=== Section Start ===
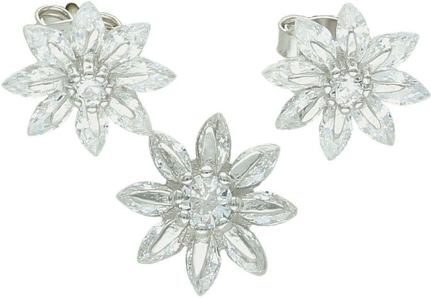 Komplet Srebrny z Cyrkoniami w Kształcie Kwiatków – DIA-KPL-13451-925 | Próba 925 Kleczew
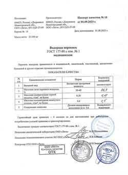 - Состав: перекись водорода ГОСТ 177-88 марка А (ПВ) 30-40% в качестве действующего вещества.
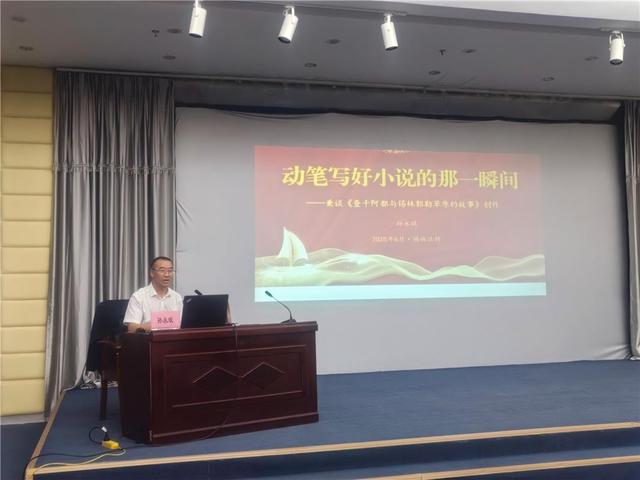 当天,在锡林郭勒职业学院,中国作家协会会员、内蒙古作家协会第九届全委会委员、自治区第十六届精神文明建设“五个一工程”奖获得者孙永斌用国家通用语言为广大学生作了一场主题为《从如何动笔写好小说》的文学分享讲座。
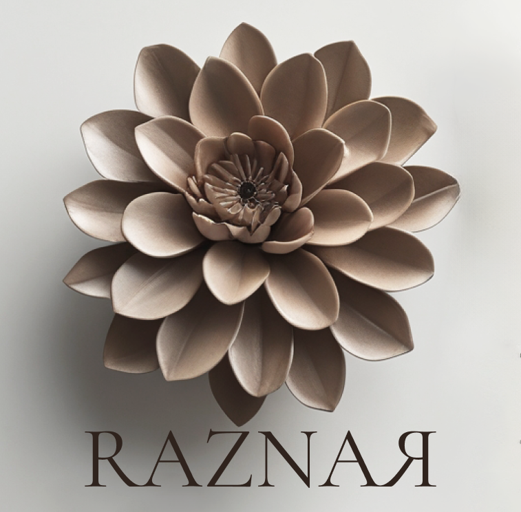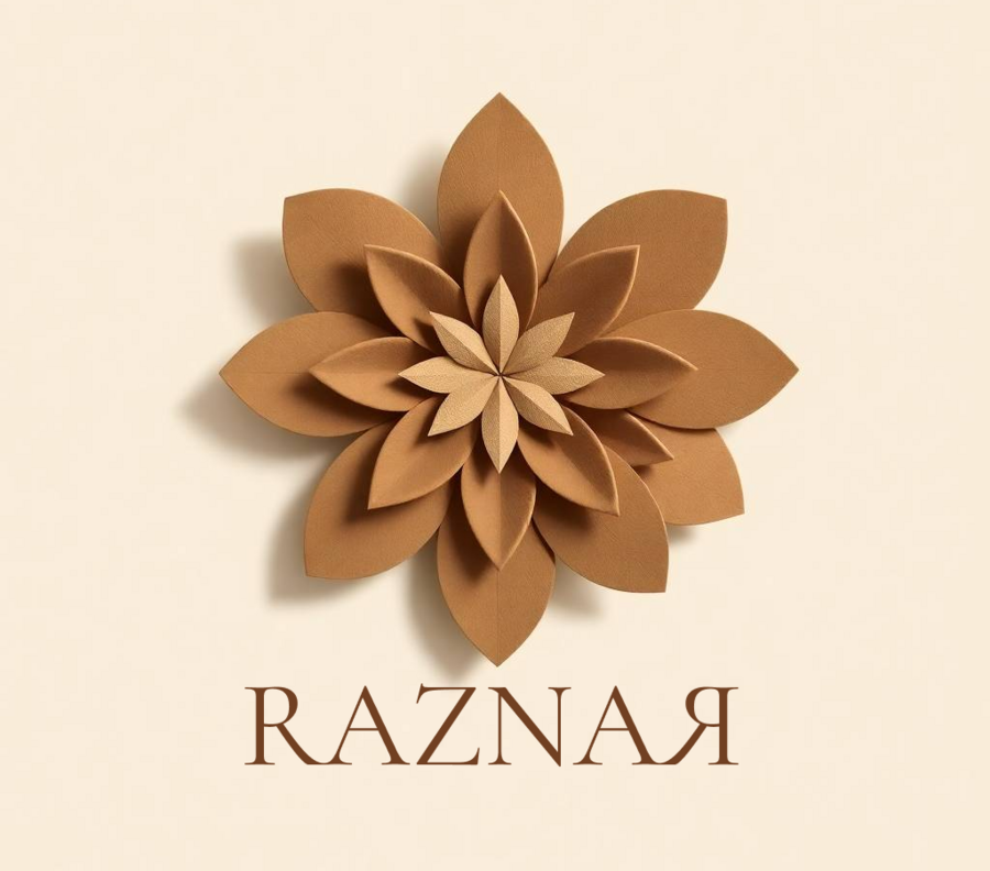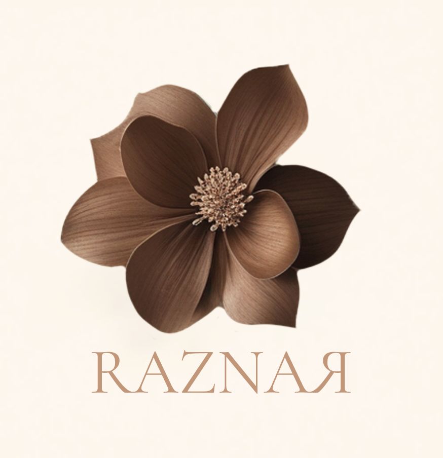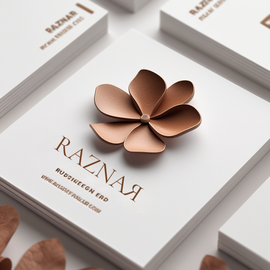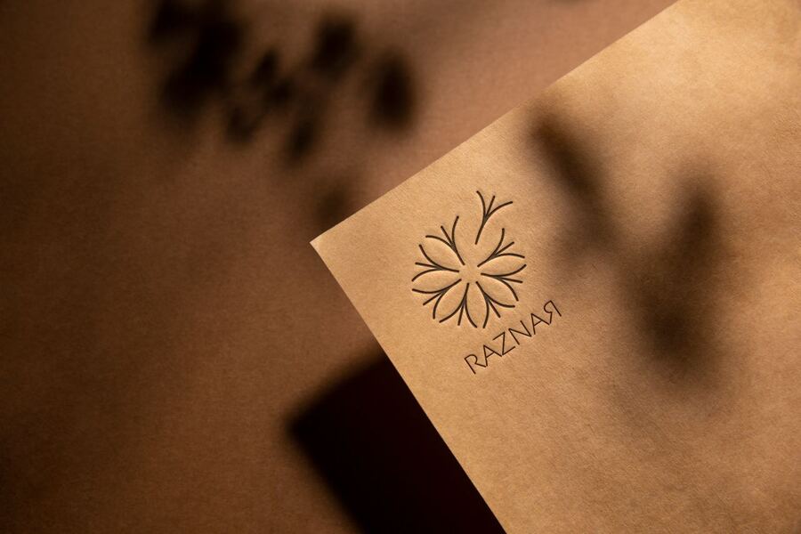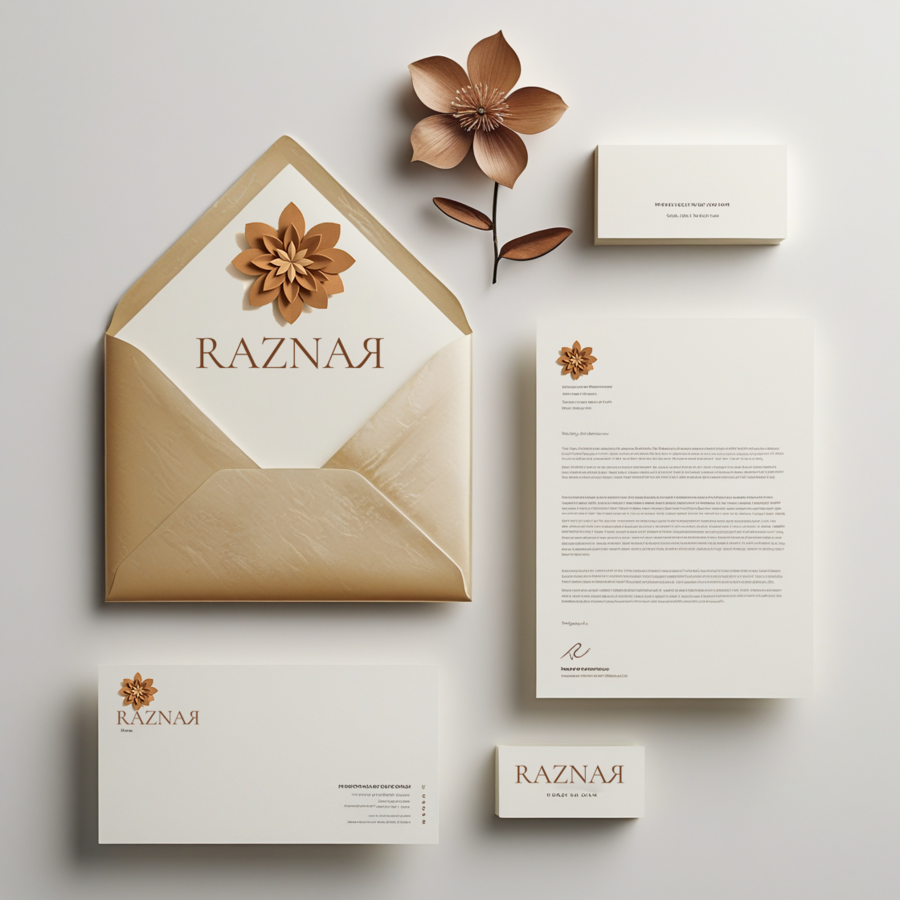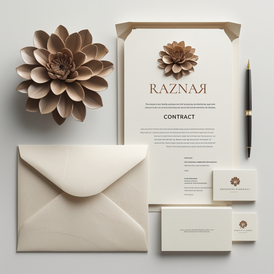 Промт: create printed documentation: contract, envelope, business cards on a white background for the RAZNАЯ brand, women’s space, above the name there is a flower logo in brown tones
=== Section End ===
PROBLEM DETAILS: Repeat only the lines from the one with "当天,在锡林郭勒职业学院,中" through the end of the data, both included and exactly as written. Pictures stay out of the copy.

ANSWER BOX:
 当天,在锡林郭勒职业学院,中国作家协会会员、内蒙古作家协会第九届全委会委员、自治区第十六届精神文明建设“五个一工程”奖获得者孙永斌用国家通用语言为广大学生作了一场主题为《从如何动笔写好小说》的文学分享讲座。
 Промт: create printed documentation: contract, envelope, business cards on a white background for the RAZNАЯ brand, women’s space, above the name there is a flower logo in brown tones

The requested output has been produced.